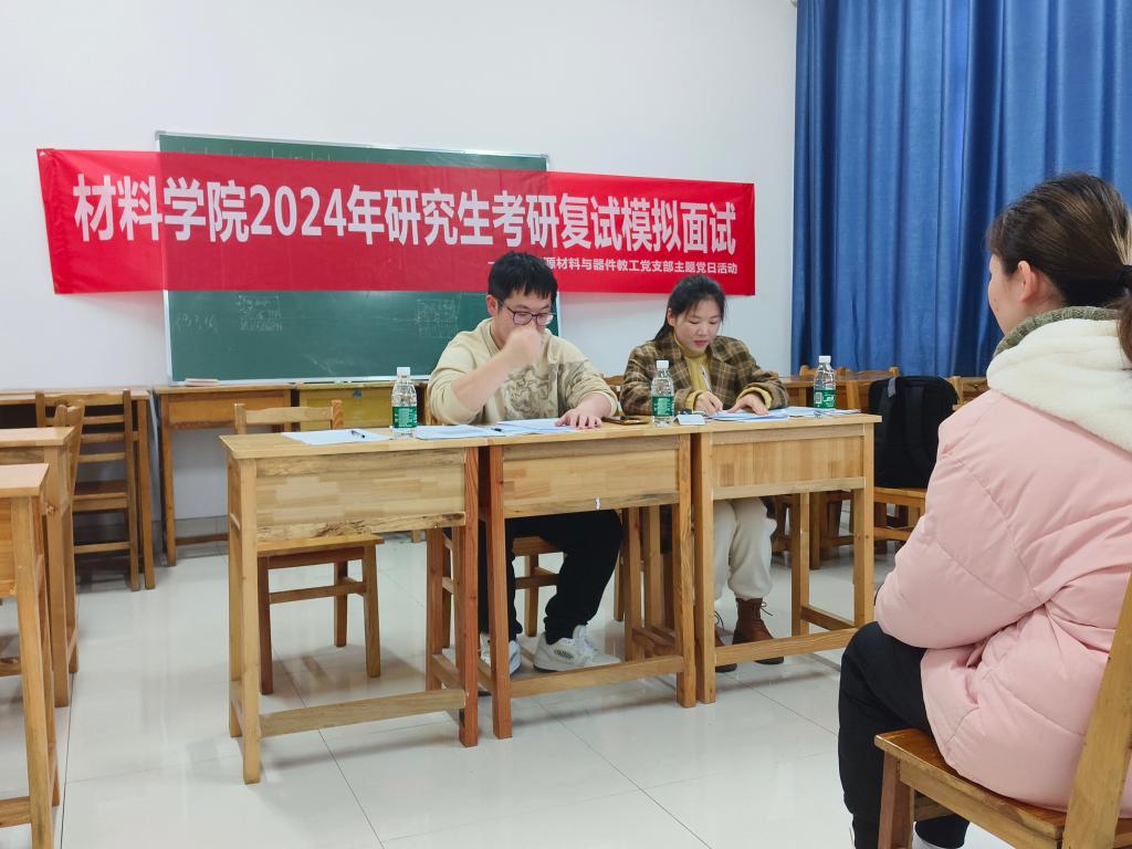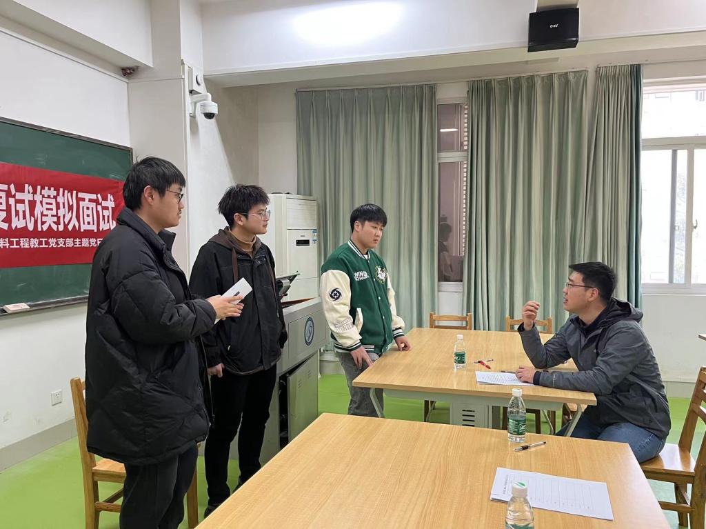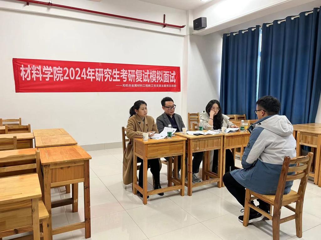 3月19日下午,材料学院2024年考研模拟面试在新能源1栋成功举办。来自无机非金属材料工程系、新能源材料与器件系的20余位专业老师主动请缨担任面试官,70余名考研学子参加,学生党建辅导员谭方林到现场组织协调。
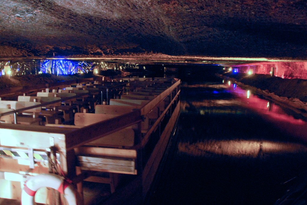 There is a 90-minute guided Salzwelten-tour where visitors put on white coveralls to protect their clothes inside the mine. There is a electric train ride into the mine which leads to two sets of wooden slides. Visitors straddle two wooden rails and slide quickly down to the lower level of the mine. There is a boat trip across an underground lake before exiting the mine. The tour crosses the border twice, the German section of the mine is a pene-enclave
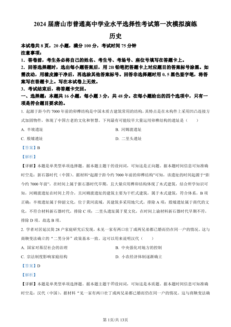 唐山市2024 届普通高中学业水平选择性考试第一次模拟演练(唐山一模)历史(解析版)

### Work instruction
Produce an exact copy of each line of data, skipping embedded images.

### Answer box
 3月19日下午,材料学院2024年考研模拟面试在新能源1栋成功举办。来自无机非金属材料工程系、新能源材料与器件系的20余位专业老师主动请缨担任面试官,70余名考研学子参加,学生党建辅导员谭方林到现场组织协调。
 There is a 90-minute guided Salzwelten-tour where visitors put on white coveralls to protect their clothes inside the mine. There is a electric train ride into the mine which leads to two sets of wooden slides. Visitors straddle two wooden rails and slide quickly down to the lower level of the mine. There is a boat trip across an underground lake before exiting the mine. The tour crosses the border twice, the German section of the mine is a pene-enclave
 唐山市2024 届普通高中学业水平选择性考试第一次模拟演练(唐山一模)历史(解析版)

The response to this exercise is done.